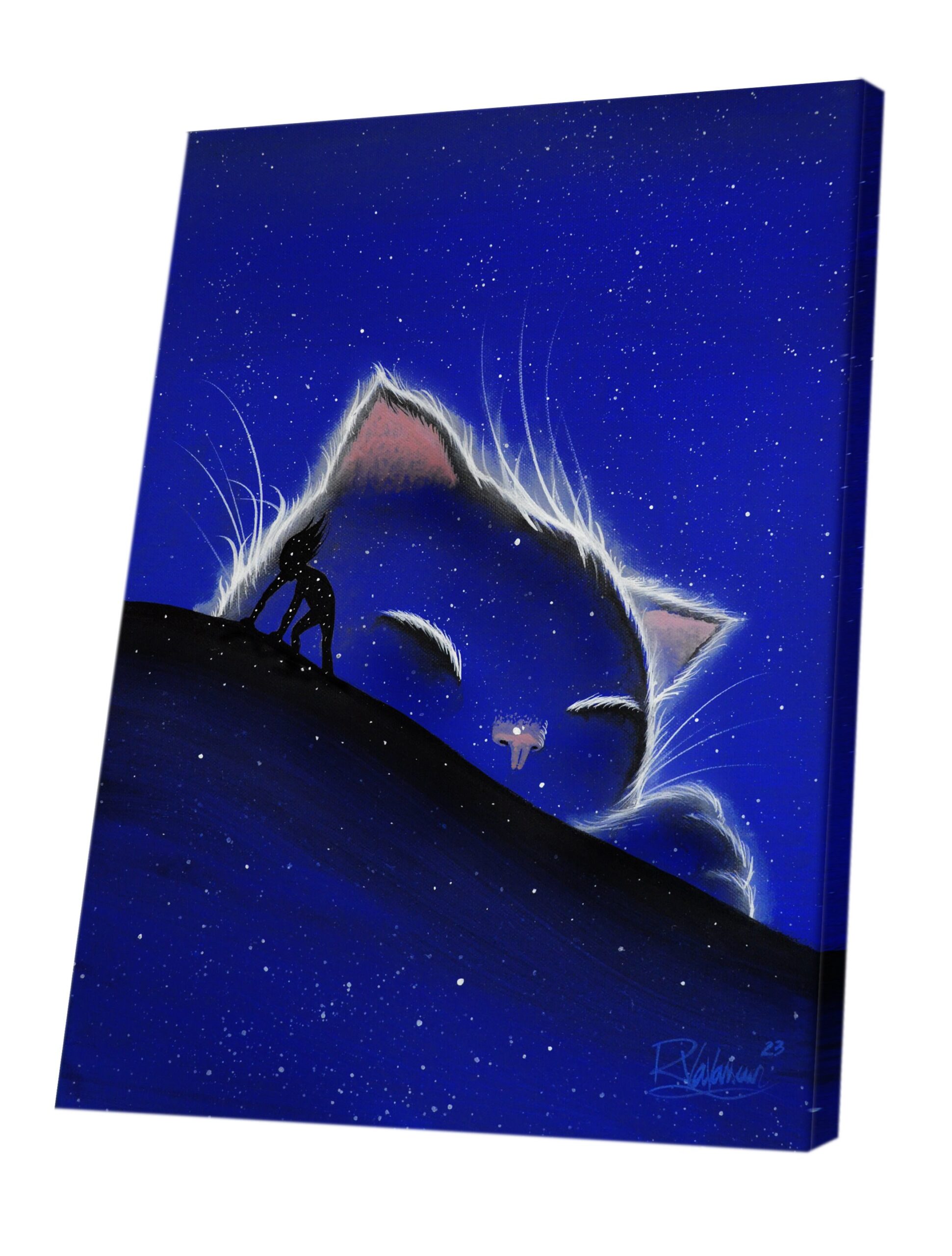 “Cat's sandman” is an original mystical cat painting by Raphaël Vavasseur, where tender feline souls meet cosmic wonder. A luminous, enchanted masterpiece.
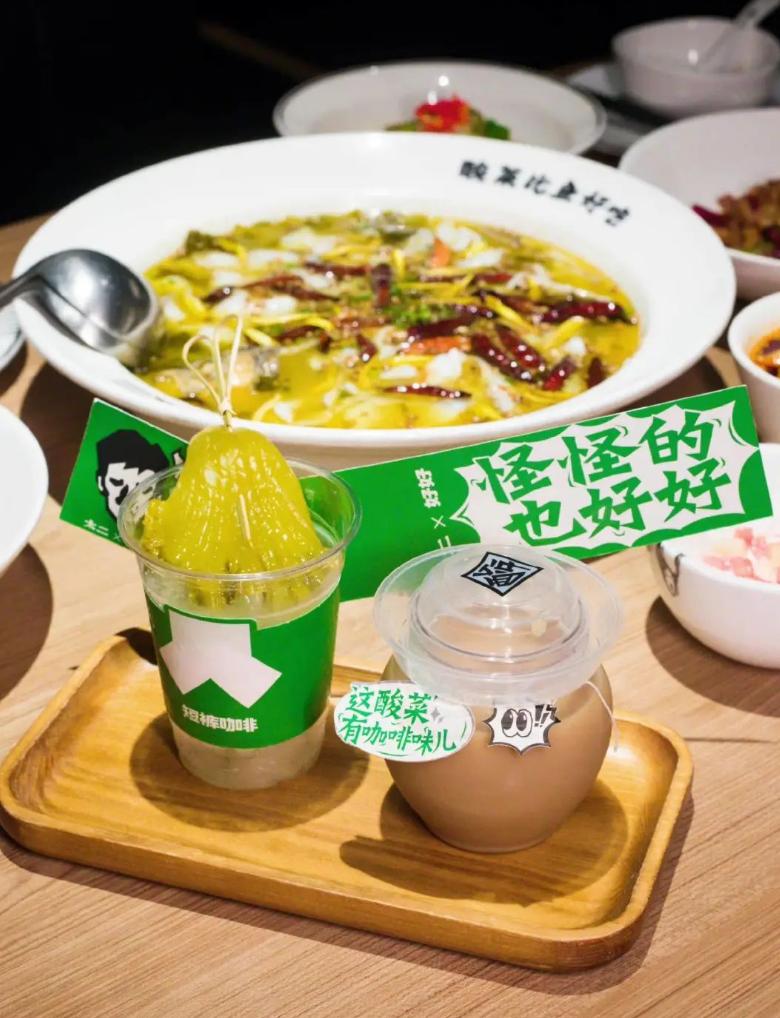 太二酸菜鱼今年8月底宣布,推出一款名为“酸菜咖啡”的全新产品。据了解,这款产品的正式名字叫“原汁酸菜拿铁”,咖啡里真的有酸菜汁,还会附赠一大根酸菜。好在酸菜主义没有贯彻到底,杯中的酸菜不需要食用,只是充当了搅拌的角色。
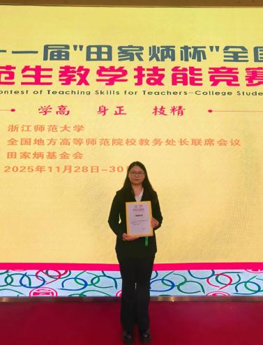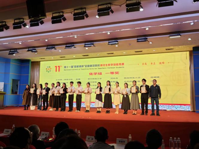 11月28至30日,第十一届“田家炳杯”全国师范院校师范生教学技能竞赛决赛在浙江师范大学举行,我院23级优师班学生吕璇凭借扎实的化学专业功底、精湛的教学设计与课堂展示能力,在全国众多参赛选手中脱颖而出,荣获化学组一等奖,充分彰显了我院优师计划培养质量与师范生核心素养。
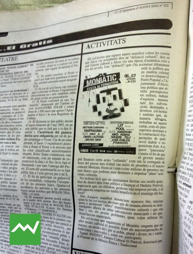 El Moniàtic Festival, és a dir, el festival de cultura, art, música i teatre independent i alternatiu d’Alcoi va nàixer a començament de segle com a resposta a les desmesurades despeses del famós –però fracasat– Mediàtic Festival. Allò que va nàixer com una reivindicació de la cultura i l’art alternatiu alcoià va esdevindre, si més no, una empenta ben significativa del món cultural alternatiu i underground d’Alcoi. Aquests estils de música, d’art, de cultura i de vida. És el món alternatiu, la cultura del mínim pressupost i de la resposta cada vegada més nombrosa.
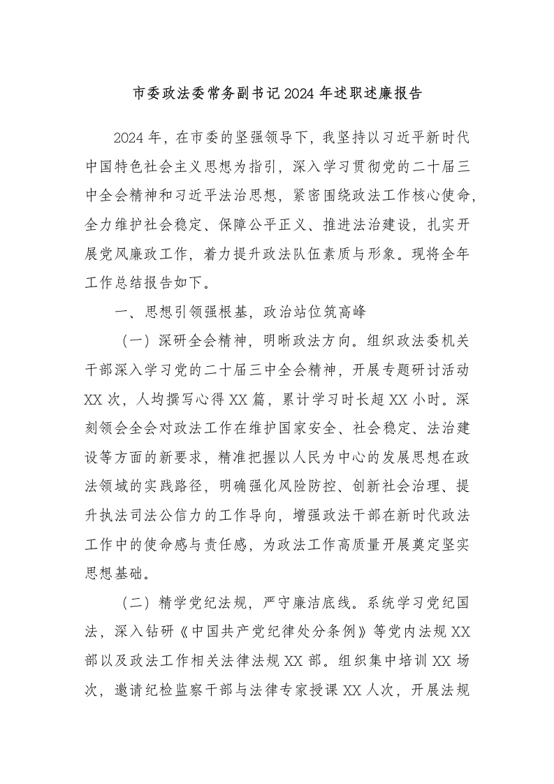 市委政法委常务副书记2024年述职述廉报告2024年,在市委的坚强领导下,我坚持以习近平新时代中国特色社会主义思想为指引,深入学习贯彻党的二十届三中全会精神和习近平法治思想,紧密围绕政法工作核心使命,全力维护社会稳定、保障公平正义、推进法治建设,扎实开展党风廉政工作,着力提升政法队伍素质与形象。现将全年工作总结报告如下。一、思想引领强根基,政治站位筑高峰(一)深研全会精神,明晰政法方向。组织政法委机关干部深入学习党的二十届三中全会精神,开展专题研讨活动X次,人均撰写心得X篇,累计学习时长超X小时。深刻领会全会对政法工作在维护国家安全、社会稳定、法治建设等方面的新要求,精准把握以人民为中心的发展思想在政法领域的实践路径,明确强化风险防控、创新社会治理、提升执法司法公信力的工作导向,增强政法干部在新时代政法工作中的使命感与责任感,为政法工作高质量开展奠定坚实思想基础。(二)精学党纪法规,严守廉洁底线。系统学习党纪国法,深入钻研《中国共产党纪律处分条例》等党内法规XX部以及政法工作相关法律法规X部。组织集中培训X场次,邀请纪检监察干部与法律专家授课XX人次,开展法规知识测试X次,平均成绩达X分以上,合格率为X%。通过学习与考核,使政法干部明晰纪律红线与法律底线,确保政法工作依法依规开展,坚决杜绝违规违纪行为,维护政法队伍的纯洁性与权威性。(三)牢筑意识形态,把控舆论导向。高度重视意识形态工作,召开专题会议研究部署X次,制定意识形态工作责任清单,明确任务X项。加强对政法宣传阵地监管,审核发布政法工作信息X余条,监测舆情信息X条,及时处置敏感舆情X起。组织意识形态专题培训X场,覆盖政法干部X人次,有效提升全员对意识形态工作重要性的认识,在执法司法、矛盾化解等工作中积极传播正能量,维护国家政治安全与社会稳定。二、维稳安保筑防线,社会环境保平安(一)风险防控精施策,隐患排查无死角。建立健全社会稳定风险评估机制,制定评估标准X项,开展重大项目、决策风险评估X次。加强矛盾纠纷排查化解工作,构建市、县、乡、村四级排查网络,排查矛盾纠纷X起,化解率达XX%。强化重点人员管控,建立重点人员信息库,纳入管控XX人,落实管控措施X项,有效防范各类风险隐患,维护社会稳定。(二)安保工作强部署,安全守护全方位。精心组织各类重大活动安保工作,制定安保方案X份,投入安保力量
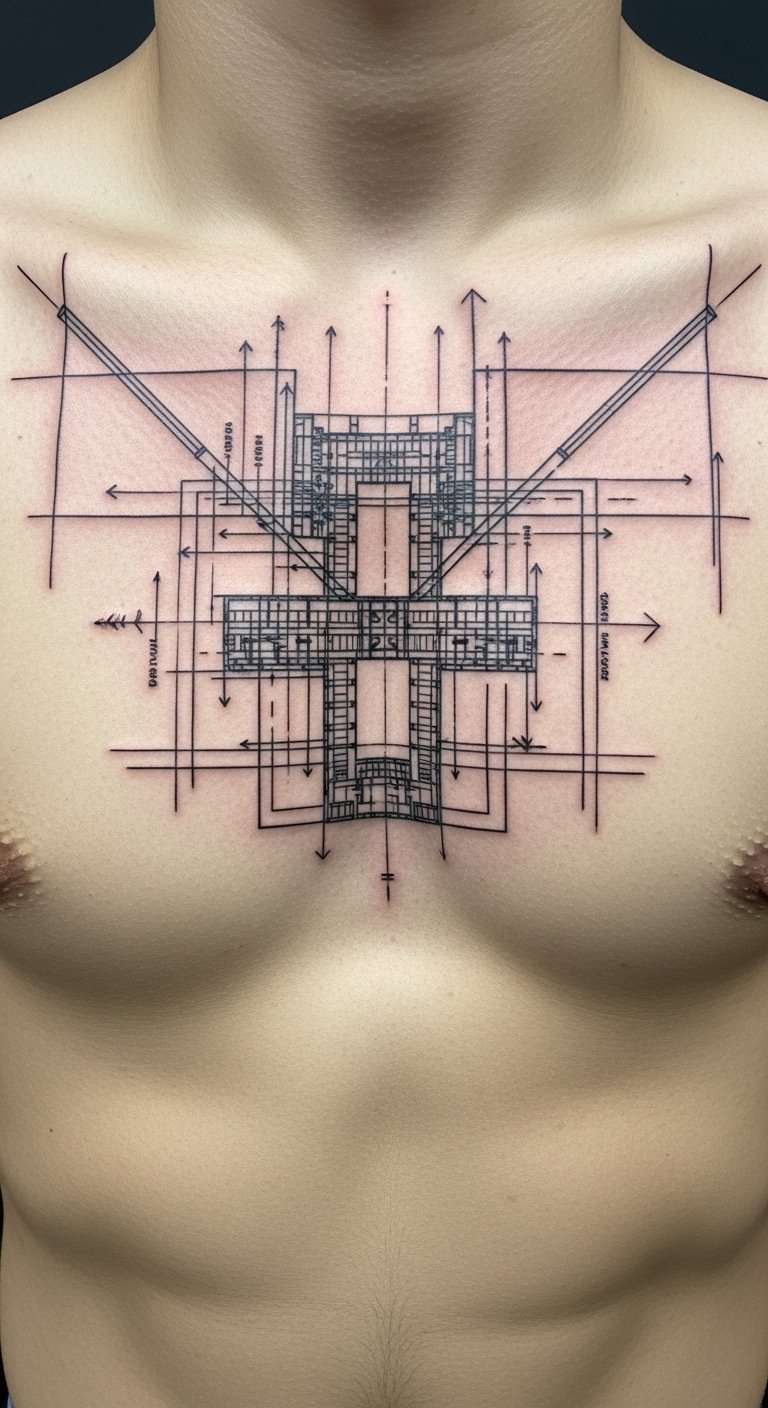 Blueprint linework translates cityscapes or building plans into the body, favoring straight, confident lines. The sternum and chest present curvature that suits architectural composition but can be painful and needs multiple sessions. Use heavier primary lines for longevity and reserve tiny hatch details where movement is minimal. The look is modern and masculine but also graphic and clean. Avoid hyper-fine grids over high-motion skin. Mention “blueprint linework” and “architectural tattoo” so the artist plans line weights and negative space strategically.

┄┄┄┄┄┄┄┄┄┄┄┄┄┄┄┄┄┄┄┄

Everything in the data except the pictures should be restated word for word.

 “Cat's sandman” is an original mystical cat painting by Raphaël Vavasseur, where tender feline souls meet cosmic wonder. A luminous, enchanted masterpiece.
 太二酸菜鱼今年8月底宣布,推出一款名为“酸菜咖啡”的全新产品。据了解,这款产品的正式名字叫“原汁酸菜拿铁”,咖啡里真的有酸菜汁,还会附赠一大根酸菜。好在酸菜主义没有贯彻到底,杯中的酸菜不需要食用,只是充当了搅拌的角色。
 11月28至30日,第十一届“田家炳杯”全国师范院校师范生教学技能竞赛决赛在浙江师范大学举行,我院23级优师班学生吕璇凭借扎实的化学专业功底、精湛的教学设计与课堂展示能力,在全国众多参赛选手中脱颖而出,荣获化学组一等奖,充分彰显了我院优师计划培养质量与师范生核心素养。
 El Moniàtic Festival, és a dir, el festival de cultura, art, música i teatre independent i alternatiu d’Alcoi va nàixer a començament de segle com a resposta a les desmesurades despeses del famós –però fracasat– Mediàtic Festival. Allò que va nàixer com una reivindicació de la cultura i l’art alternatiu alcoià va esdevindre, si més no, una empenta ben significativa del món cultural alternatiu i underground d’Alcoi. Aquests estils de música, d’art, de cultura i de vida. És el món alternatiu, la cultura del mínim pressupost i de la resposta cada vegada més nombrosa.
 市委政法委常务副书记2024年述职述廉报告2024年,在市委的坚强领导下,我坚持以习近平新时代中国特色社会主义思想为指引,深入学习贯彻党的二十届三中全会精神和习近平法治思想,紧密围绕政法工作核心使命,全力维护社会稳定、保障公平正义、推进法治建设,扎实开展党风廉政工作,着力提升政法队伍素质与形象。现将全年工作总结报告如下。一、思想引领强根基,政治站位筑高峰(一)深研全会精神,明晰政法方向。组织政法委机关干部深入学习党的二十届三中全会精神,开展专题研讨活动X次,人均撰写心得X篇,累计学习时长超X小时。深刻领会全会对政法工作在维护国家安全、社会稳定、法治建设等方面的新要求,精准把握以人民为中心的发展思想在政法领域的实践路径,明确强化风险防控、创新社会治理、提升执法司法公信力的工作导向,增强政法干部在新时代政法工作中的使命感与责任感,为政法工作高质量开展奠定坚实思想基础。(二)精学党纪法规,严守廉洁底线。系统学习党纪国法,深入钻研《中国共产党纪律处分条例》等党内法规XX部以及政法工作相关法律法规X部。组织集中培训X场次,邀请纪检监察干部与法律专家授课XX人次,开展法规知识测试X次,平均成绩达X分以上,合格率为X%。通过学习与考核,使政法干部明晰纪律红线与法律底线,确保政法工作依法依规开展,坚决杜绝违规违纪行为,维护政法队伍的纯洁性与权威性。(三)牢筑意识形态,把控舆论导向。高度重视意识形态工作,召开专题会议研究部署X次,制定意识形态工作责任清单,明确任务X项。加强对政法宣传阵地监管,审核发布政法工作信息X余条,监测舆情信息X条,及时处置敏感舆情X起。组织意识形态专题培训X场,覆盖政法干部X人次,有效提升全员对意识形态工作重要性的认识,在执法司法、矛盾化解等工作中积极传播正能量,维护国家政治安全与社会稳定。二、维稳安保筑防线,社会环境保平安(一)风险防控精施策,隐患排查无死角。建立健全社会稳定风险评估机制,制定评估标准X项,开展重大项目、决策风险评估X次。加强矛盾纠纷排查化解工作,构建市、县、乡、村四级排查网络,排查矛盾纠纷X起,化解率达XX%。强化重点人员管控,建立重点人员信息库,纳入管控XX人,落实管控措施X项,有效防范各类风险隐患,维护社会稳定。(二)安保工作强部署,安全守护全方位。精心组织各类重大活动安保工作,制定安保方案X份,投入安保力量
 Blueprint linework translates cityscapes or building plans into the body, favoring straight, confident lines. The sternum and chest present curvature that suits architectural composition but can be painful and needs multiple sessions. Use heavier primary lines for longevity and reserve tiny hatch details where movement is minimal. The look is modern and masculine but also graphic and clean. Avoid hyper-fine grids over high-motion skin. Mention “blueprint linework” and “architectural tattoo” so the artist plans line weights and negative space strategically.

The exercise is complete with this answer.